Indeed, besides the bans on gay marriages, progressives carried the day in state initiatives. In addition to California’s rejection of parental notification, South Dakota and Colorado both turned down — by comfortable margins — anti-abortion initiatives. In Washington state, voters passed a measure that would allow for “death with dignity”; the Evergreen State now joins Oregon as the second US state to permit some form of euthanasia. And heck, Massachusetts banned greyhound racing. Outside of the debate on marriage, social conservatives did not have a good day at the polls — indeed, the pro-life movement took a drubbing across the board. But the seamless garment of justice is torn; while we vote to protect our daughters’ privacy and vote to allow our parents to pass on with grace, while we vote for animals to have a better life we also have voted to bar one of the central institutions of both public and private life to an entire class of human beings. And that is desperately sad. The fact that the margin was so close in California, and that younger people across all racial categories were more likely to support gay marriage than their elders, does little to ease the sting of now. But it does give hope for tomorrow.

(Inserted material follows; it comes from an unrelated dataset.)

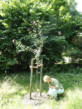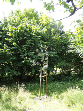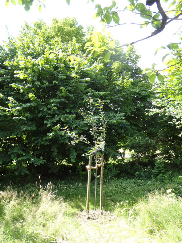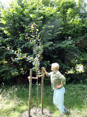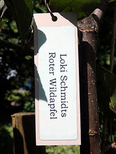 Mehr to de Apfeltage, de an'n 24. un 25. September 2016 stattfinnen, is hier to lesen. An 23.9.2016 is al en Tagung Apfel & Gesundheit, un an den 25. September 2016, Klock 10.00, beginnt en Föhrung dörch den Botanischen Goorn. Also: rechttiedig den Termin in'n Kalenner opschrieven un denn man los in den wunnerschönen Loki Schmidt-Goorn! Dor köönt Se denn uk in den Nutzgoorn Loki Schmidts Boom ankieken, den Roten Wildapfel. Düsse lütte Boom is vun de Gesellschaft der FreundInnen des Botanischen Gartens inplant woorn. Eva, dat is een vun de Fruunslüüd, de dor arbeiden deit, hett mi to düssen Boom hinföhrt, un Maija hett tolaten, dat ik eer bi't Arbeiden fotografeer.

More reflections later, and a return to “regular blogging” tomorrow. But for now, I am of two minds: exultant and chastened, hopeful and downcast, exuberant and sad. America has made an extraordinary choice, choosing a most extraordinary man to be our forty-fourth president. I am praying today for him and his family, asking God to protect him and guide him. If he governs with the same measured passion that he campaigned, with the same commitment to justice he has shown in his sparkling career, then we may well be witnessing the rise to power of one of the greatest leaders this country has ever known. In my political memory (which extends back to the election of 1976), I have never been so impressed by a candidate as I have been with Barack Obama. And I have never been so hopeful in the aftermath of victory.






LOVED your description of the “black man in his seventies, very well-dressed, a huge smile on his face.” What an inspiration!
It does say something that Californians think more highly of farm animals than same-sex couples, doesn’t it?
Well, the result on the parental notification initative and the farm animals initative showed that this is a progressive state in many respects — but that an unwillingness to let go of an antiquated understanding of marriage remains strong even among liberal folks.
It does say something that Californians think more highly of farm animals than same-sex couples, doesn’t it?
. . . or un-born human beings. Make the chicken comfortable. Abort the baby.
Proposition 4 did nothing to affect the legality of abortion, Stephen. But it is refreshing to hear somebody admit that the real purpose of Prop 4 was not to facilitate communication or to protect our daughters, but to block abortions.
Yep. No problem admitting that that was a hoped for outcome, although not the sole motivation.
As one of those Virginia voters, I can say WOOHOOO! Look at THAT!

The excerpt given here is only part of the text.